Supplied data: Begin

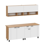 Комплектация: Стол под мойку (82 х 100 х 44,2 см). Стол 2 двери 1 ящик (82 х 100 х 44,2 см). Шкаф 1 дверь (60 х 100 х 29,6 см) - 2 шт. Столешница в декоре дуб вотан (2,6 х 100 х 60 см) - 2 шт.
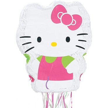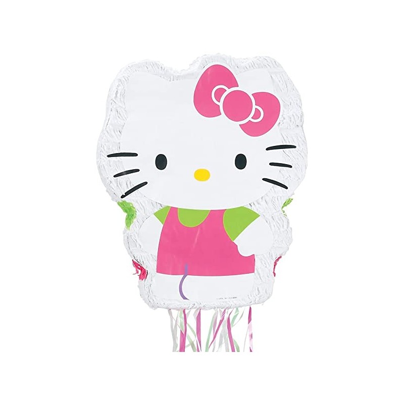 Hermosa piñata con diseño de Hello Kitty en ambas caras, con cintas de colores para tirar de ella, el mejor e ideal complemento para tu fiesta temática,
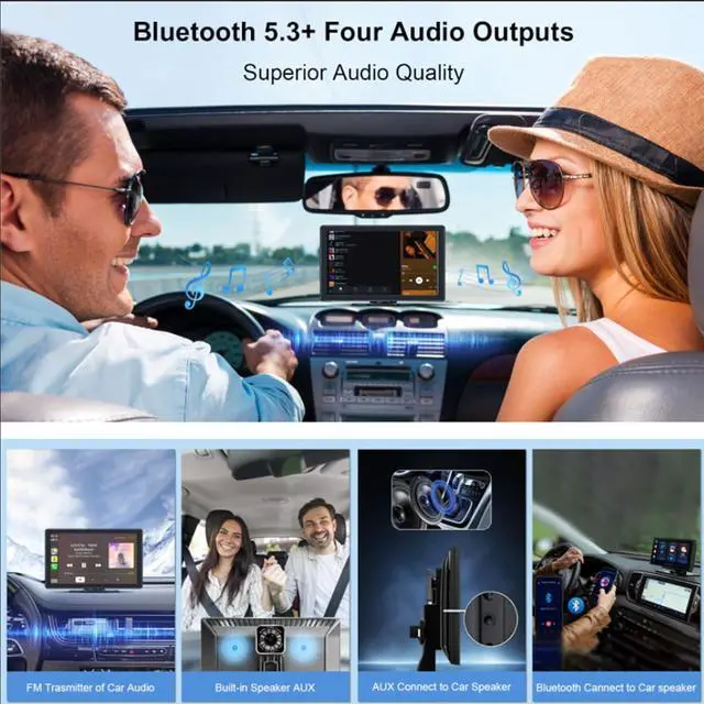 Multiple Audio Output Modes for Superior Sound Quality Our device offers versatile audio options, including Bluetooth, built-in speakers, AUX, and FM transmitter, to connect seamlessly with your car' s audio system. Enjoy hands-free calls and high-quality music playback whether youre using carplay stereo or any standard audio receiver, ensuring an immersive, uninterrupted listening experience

Supplied data: End

Exercise objective:
Copy the data word for word. Pictures do not go in the copy.

Solution for this exercise:
 Комплектация: Стол под мойку (82 х 100 х 44,2 см). Стол 2 двери 1 ящик (82 х 100 х 44,2 см). Шкаф 1 дверь (60 х 100 х 29,6 см) - 2 шт. Столешница в декоре дуб вотан (2,6 х 100 х 60 см) - 2 шт.
 Hermosa piñata con diseño de Hello Kitty en ambas caras, con cintas de colores para tirar de ella, el mejor e ideal complemento para tu fiesta temática,
 Multiple Audio Output Modes for Superior Sound Quality Our device offers versatile audio options, including Bluetooth, built-in speakers, AUX, and FM transmitter, to connect seamlessly with your car' s audio system. Enjoy hands-free calls and high-quality music playback whether youre using carplay stereo or any standard audio receiver, ensuring an immersive, uninterrupted listening experience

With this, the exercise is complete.